Every time, before I correct in those situations, before even expressing my „complaint“, I go through an inner process of questioning myself and contemplating, if I should even correct the person I am talking to or if I should just led it slide. Correcting them means coming out to them, and this means „to reveal something“ (p 119). „When you complain, your own body is turned into testimony, as revealing something about yourself“ (p 144). That something is a sensitive matter, my personal story, the testimony of my trans body. Through complaint, I open myself up to sensitive, often intrusive questions. I read somewhere, that cisgender people, when meeting a trans person, lose their feeling of empathy, of what is okay to ask and what not. That is my experience too. It is quite perplexing what conversations I had with complete strangers, after I unintentionally came out to them, just by correcting them about my pronouns.

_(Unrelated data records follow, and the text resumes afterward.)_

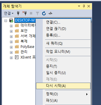 그 다음 서버명에 우클릭후 "다시 시작"을 꼭 해줍니다.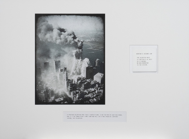 “A structure collapsing upon itself, floor by floor, is not the path of least resistance. How is it the towers didn’t simply snap and fall like a tree struck by lightening? Instead, they pulverized.” Support for Riskin’s claims can be found in 9/11: Explosive Evidence — Experts Speak Out, World Trade Center Twin Towers, Part 3 and Part 5, and in several peer-reviewed papers, including “Some Misunderstandings Related to WTC Collapse Analysis” in the International Journal of Protective Structures. (Fredric Riskin, 9/11 The Collapse of Conscience, 20" X 27”, Panel 23 of 43, Printed on kozo-backed Gampi using pigment inks. Courtesy the artist and Ronald Feldman Gallery, NY.)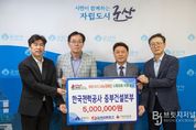 브릿지저널 윤나영 기자 | 한국가스공사 전북지역본부(본부장 조강철)는 24일, 최근 집중호우로 피해를 입은 군산시 저소득 주민들을 위해 성금 1천만 원을 군산시에 기탁했다. 이번 성금은 지난 6일 집중호우로 주택·상가 침수 등의 피해를 본 이재민들을 돕기 위해 마련됐다. 성금은 전북사회복지공동모금회를 통해 관내 저소득계층 중 수해 피해 이재민에게 전달될 예정이다. 조강철 본부장은 “지역사회와 함께하는 나눔은 기업의 중요한 사회적 책임.”이라며, “이번 성금이 피해 주민들에게 작은 힘이 되길 바라며 앞으로도 지속적인 나눔 활동을 이어가겠다.”라고 전했다. 강임준 군산시장은 “어려운 시기에 이웃을 위해 따뜻한 마음을 나눠주신 한국가스공사 전북지역본부 임직원분들께 감사드린다.”라며, “성금은 꼭 필요한 주민들에게 지원되어 회복에 큰 도움이 될 것.”이라고 말했다. 한국가스공사 전북지역본부는 2004년 설립 이후 천연가스 공급을 비롯해 큰들 봉사단을 운영하며 지역사회 봉사활동과 연탄 기부, 사회복지시설 생필품 및 방역물품 지원, 주거환경 개선(LP가스 시설개선·타이머콕 보급사업) 등 다양한 사회공헌 활동을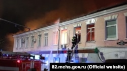ЯЛТА – 25 человек остались без жилья из-за пожара в жилом доме в центре Ялты. В здании загорелась кровля. Пострадавших эвакуировали, но не все хотели уходить. Их имущество охраняют от мародеров силовики Росгвардии. Корреспондент Крым.Реалии побывал на месте событий.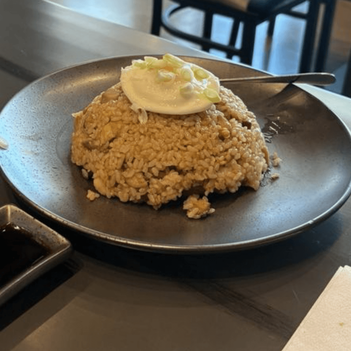 Wild mushroom fried rice with runny egg on a hot skillet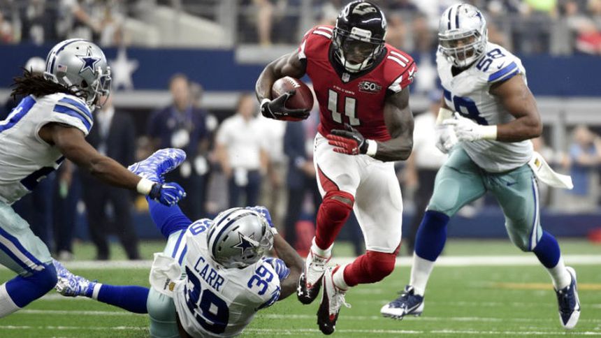 Matt Ryan conectó dos pases de anotación con Julio Jones, fórmula letal que guió a Atlanta a un triunfo al que también colaboró Devonta Freeman, quien aportó 141 yardas y tres anotaciones, para que los Halcones vincieran 39-28 a los Vaqueros de Dallas.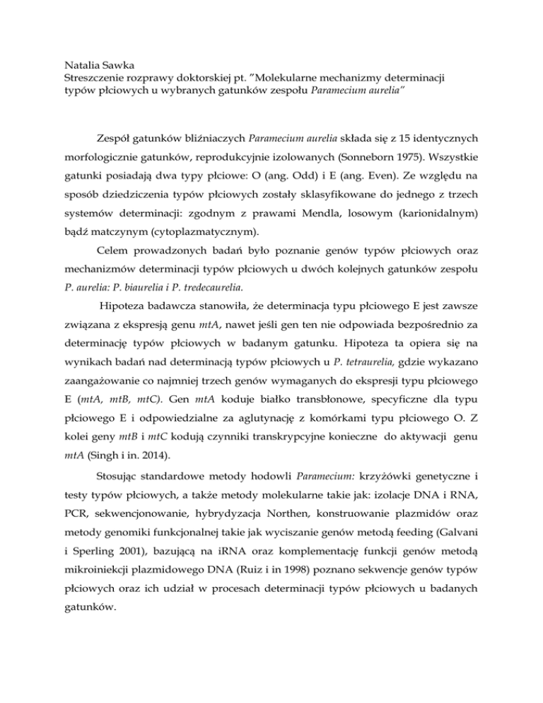 Natalia Sawka Streszczenie rozprawy doktorskiej pt. ”Molekularne mechanizmy determinacji typów płciowych u wybranych gatunków zespołu Paramecium aurelia” Zespół gatunków bliźniaczych Paramecium aurelia składa się z 15 identycznych morfologicznie gatunków, reprodukcyjnie izolowanych (Sonneborn 1975). Wszystkie gatunki posiadają dwa typy płciowe: O (ang. Odd) i E (ang. Even). Ze względu na sposób dziedziczenia typów płciowych zostały sklasyfikowane do jednego z trzech systemów determinacji: zgodnym z prawami Mendla, losowym (karionidalnym) bądź matczynym (cytoplazmatycznym). Celem prowadzonych badań było poznanie genów typów płciowych oraz mechanizmów determinacji typów płciowych u dwóch kolejnych gatunków zespołu P. aurelia: P. biaurelia i P. tredecaurelia. Hipoteza badawcza stanowiła, że determinacja typu płciowego E jest zawsze związana z ekspresją genu mtA, nawet jeśli gen ten nie odpowiada bezpośrednio za determinację typów płciowych w badanym gatunku. Hipoteza ta opiera się na wynikach badań nad determinacją typów płciowych u P. tetraurelia, gdzie wykazano zaangażowanie co najmniej trzech genów wymaganych do ekspresji typu płciowego E (mtA, mtB, mtC). Gen mtA koduje białko transbłonowe, specyficzne dla typu płciowego E i odpowiedzialne za aglutynację z komórkami typu płciowego O. Z kolei geny mtB i mtC kodują czynniki transkrypcyjne konieczne do aktywacji genu mtA (Singh i in. 2014). Stosując standardowe metody hodowli Paramecium: krzyżówki genetyczne i testy typów płciowych, a także metody molekularne takie jak: izolacje DNA i RNA, PCR, sekwencjonowanie, hybrydyzacja Northen, konstruowanie plazmidów oraz metody genomiki funkcjonalnej takie jak wyciszanie genów metodą feeding (Galvani i Sperling 2001), bazującą na iRNA oraz komplementację funkcji genów metodą mikroiniekcji plazmidowego DNA (Ruiz i in 1998) poznano sekwencje genów typów płciowych oraz ich udział w procesach determinacji typów płciowych u badanych gatunków. P. biaurelia charakteryzuje się matczynym dziedziczeniem typów płciowych. Po zajściu procesu płciowego, autogamii bądź koniugacji, typy płciowe w komórkach dziedziczone są zgodnie z typem płciowym komórki rodzicielskiej. W systemie tym, ich determinacja zachodzi poprzez procesy epigenetyczne w trakcie reorganizacji nowego genomu makrojądrowego przy udziale szlaku skanowania genomu. Przeprowadzone badania wykazały, że w sekwencji kodującej gen mtB występuje delecja 168 pz, co skutkuje brakiem kodowania funkcjonalnego białka. Brak kodowanego przez gen mtB czynnika transkrypcyjnego aktywującego gen mtA skutkuje ekspresją typu płciowego O. W komórkach typu płciowego E gen mtB koduje funkcjonalne białko, które aktywuje gen mtA, co z kolei skutkuje ekspresją typu płciowego E. P. tredecaurelia jest jedynym gatunkiem zespołu P. aurelia u którego typy płciowe dziedziczone są zgodnie z prawami Mendla, a za ich determinację odpowiedzialny jest jeden gen (Sonneborn 1974). Przeprowadzone badania wykazały, że gen mtA ulega ekspresji w typie płciowym E, jednak geny kodujące czynniki transkrypcyjne - mtB i mtC nie są zaangażowane w proces determinacji typów płciowych. Gen mtB w obu typach płciowych jest pseudogenem, z kolei wyciszanie genu mtC wykazało, że gen ten nie jest konieczny do ekspresji typu płciowego E. Przeprowadzone badania sugerują, że w proces aktywacji genu mtA jest zaangażowany nowy, nie opisany gen kodujący czynnik transkrypcyjny, który w typie płciowym O nie funkcjonuje. Przeprowadzone badania potwierdziły testowaną hipotezę, gdyż w obu gatunkach ekspresja genu mtA występuje tylko w reaktywnych komórkach typu płciowego E . Wyniki niniejszych badań w porównaniu z wynikami u P. tetraurelia, P. octaurelia, P. septaurelia (Singh i in. 2014) oraz wynikami badań wstępnych innych gatunków (Sawka nieopublikowane) sugerują, że w zespole gatunków P. aurelia doszło do ewolucji kilku mechanizmów determinacji typów płciowych, niezależnych od siebie.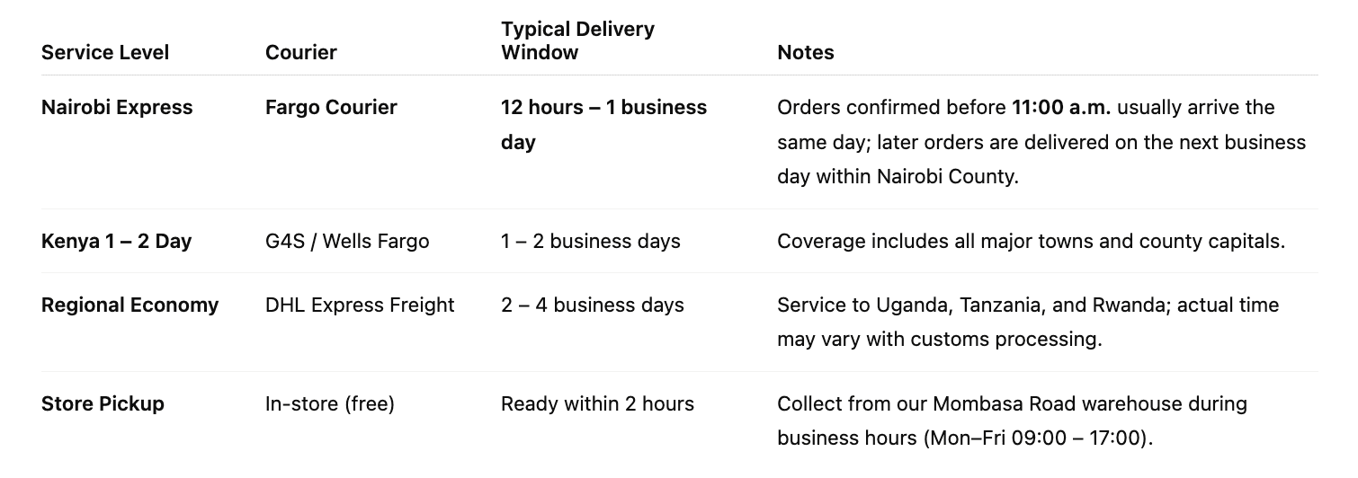 Orders placed Mon–Fri before 14:00 EAT ship the same day; later orders ship next business day.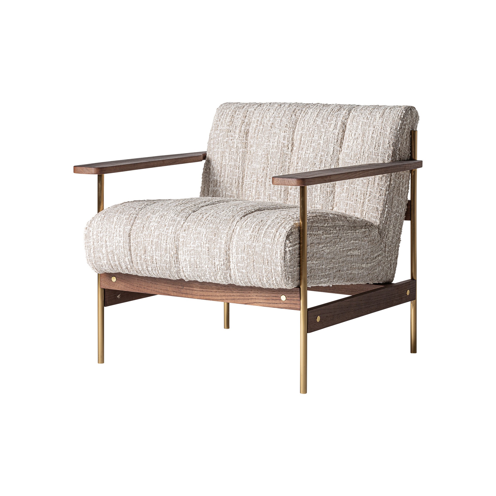 Кресло из полиэстера в бежевый тонах в сочетании с коричневой сосной и сталью золотистого цвета. Модель сочетает в себе теплоту дерева, мягкость ткани и элегантность золотистого металла. Лаконичный дизайн и универсальный бежевый цвет делают это кресло идеальным выбором для тех, кто ищет простое, удобное и функциональное решение для дома. Оно легко впишется в любой интерьер — от классического до современного.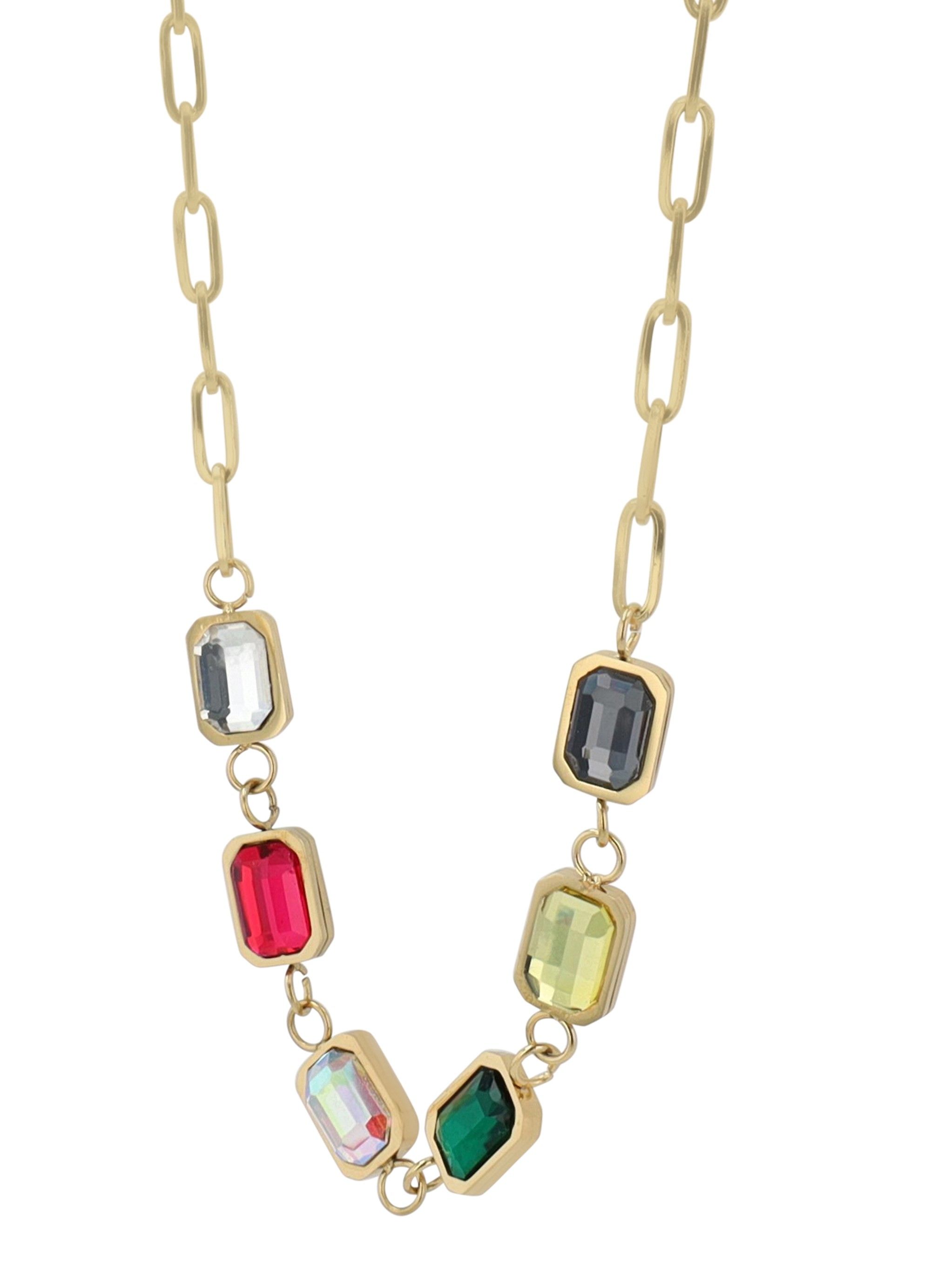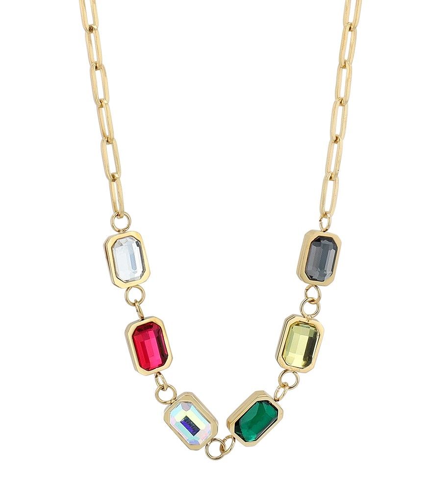 "Defne" roestvrij stalen collier met hanger, gekleurde zirkonia stenen, 44+5cm, zilverkleurig en goudkleurig 6 vaste hangers, elk van 7,5 x 5,5 mm, versierd met gekleurde zirkonia stenen

Also, in chapter four, Becoming/Unbecoming a complainer, Ahmed talks about how the person complaining becomes the problem: „…as soon as you draw attention to structures you draw attention to yourself, the structures do not come in view; you do.” (P148). When correcting someone about my pronouns, I become the problem, not the constructions society build around gender norms. I am heard as being different, not assimilating to societal norms, I am the one standing out, therefore I become the target of complaint. Complaint, in this case, meaning trans- and homophobia.
Correction is often heard as complaining, therefore as something negative and demanding. I am „demanding“ them to go out of their way to use the correct pronouns, causing them an inconvienience, becoming an inconvenience.I do not want to be an inconvenience, a tiresome complainer who is always correcting. But I have to, because if I want to be seen, I have to complain.

References
Ahmed, S. (2021). Complaint! (1. Aufl.). Duke University Press.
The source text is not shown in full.